>>>>>

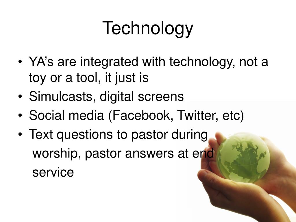 Technology • YA’s are integrated with technology, not a toy or a tool, it just is • Simulcasts, digital screens • Social media (Facebook, Twitter, etc) • Text questions to pastor during worship, pastor answers at end service
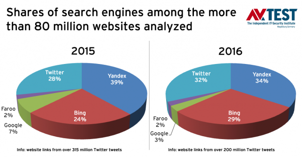 La firma de investigación AV-TEST ha emitido un informe donde se recogen los resultados tras analizar 80 millones de enlaces encontrados en resultados de búsqueda en Internet en 2015, y otros 81 millones de enlaces estudiados en 2016. De todos estos sitios, han identificado a 18.280 webs en 2015 y 29.632 páginas en 2016 con algún tipo de enlace malicioso, algo que choca con hace tres años cuando de 40 millones de páginas solo encontraron 5.060 sitios con enlaces infectados.
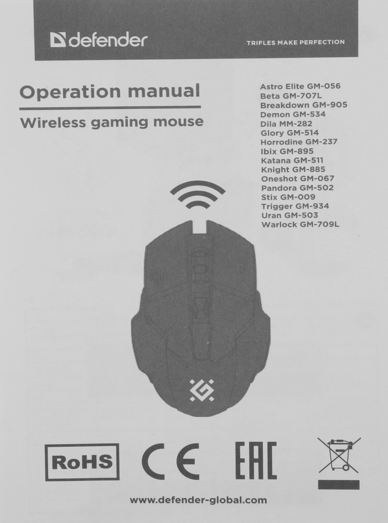 Выбрать товарыМышь DEFENDER - Pandora GM-502, Беспроводная, 10 метров, USB, Optical, 1200 - 3200 dpi, 6 btns, gaming, цвет белый, 52502
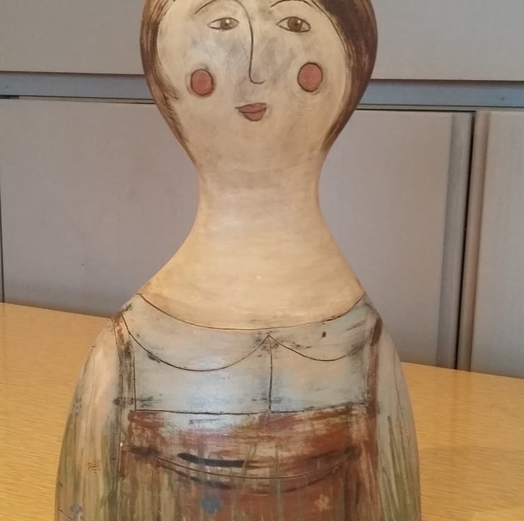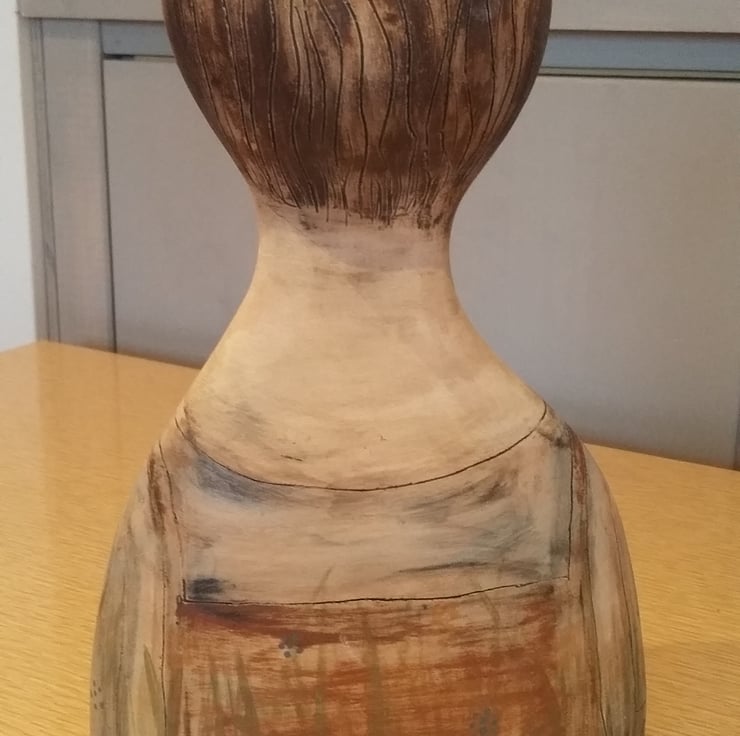 Made of earthenware clay this figurative ceramic sculpture measures 38 cm. Painted and drawn with coloured slips.

<<<<<

ACTIVITY:
Give the listing again word for word. Skip any pictures.

ANSWER TO THIS PROBLEM:
 Technology • YA’s are integrated with technology, not a toy or a tool, it just is • Simulcasts, digital screens • Social media (Facebook, Twitter, etc) • Text questions to pastor during worship, pastor answers at end service
 La firma de investigación AV-TEST ha emitido un informe donde se recogen los resultados tras analizar 80 millones de enlaces encontrados en resultados de búsqueda en Internet en 2015, y otros 81 millones de enlaces estudiados en 2016. De todos estos sitios, han identificado a 18.280 webs en 2015 y 29.632 páginas en 2016 con algún tipo de enlace malicioso, algo que choca con hace tres años cuando de 40 millones de páginas solo encontraron 5.060 sitios con enlaces infectados.
 Выбрать товарыМышь DEFENDER - Pandora GM-502, Беспроводная, 10 метров, USB, Optical, 1200 - 3200 dpi, 6 btns, gaming, цвет белый, 52502
 Made of earthenware clay this figurative ceramic sculpture measures 38 cm. Painted and drawn with coloured slips.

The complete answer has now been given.